Задернули баркас под яр, передохнули. Допотопной, ослизлой тварью из протоки на берег лез раненый. На камнях сморился. Подтащили его в затень, засунули в пустую земляную ячейку – может, какие санитары подберут. Да что-то не видно санитаров на плацдарме и не слышно никакой медицины. Ни политруков, ни агитаторов, никакой шелупени не видно и не слышно. Бойцы взняли на горбы по ящику с патронами и гранатами, мокрый мешок с хлебом, оставив постового возле баркаса, поволоклись к месторасположению штаба полка. Комполка Авдей Кондратьевич Бескапустин недавно прикорнул, но его разбудили. Узнав о баркасе, обрадовался.

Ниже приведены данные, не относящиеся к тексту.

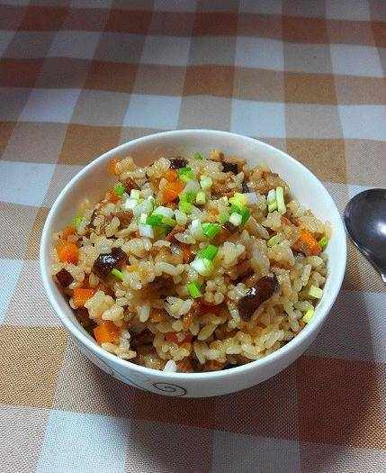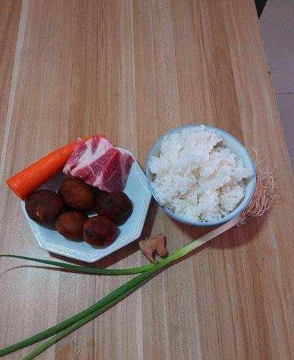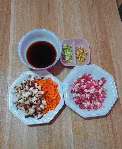 把香菇和胡蘿卜洗凈後切小丁;豬肉也切小丁;薑切末;小蔥切蔥花;另取一小碗,老抽,料酒,生抽按1:1:2的比例調入,再加少許白糖及少量清水(用幹香菇的親,把泡香菇的水倒一部分進去)。

– Скорее, скорее перетаскивать груз, иначе разнюхают, навалятся и все добро растащат. Всякие тут художники отираются. Часть боеприпасов и немного хлеба напрямки к Зарубину.
– А где напарник раненого Ерохи? Родионом, кажись, зовут?
Родька, с разбитым, черно провалившимся ртом, со слипшимися от крови губами, немо откликнулся. Ему обсказали о друге его, Ерохе, и он увязался с командой носить боеприпасы. Вынул Ерофея из норы. Солдат уже начал остывать. Родион обмыл и вытер тряпицей лицо погибшего напарника, руками прикопал его в раскрошенных взрывами комках глины. Почуяв на берегу возню и шлепанье, немцы все плотнее и плотнее к навесу яра пускали мины и, не переставая, лупили в протоку, в мертвый остров. Одной, совсем уж шалой миной взрыхлило и откинуло сухую глину на прикопанном солдате, обнажило грязное, мокрое туловище Ерохи. Родька покачал головой, взвалил на горб угластый ящик с патронами и двинулся следом за удаляющейся командой.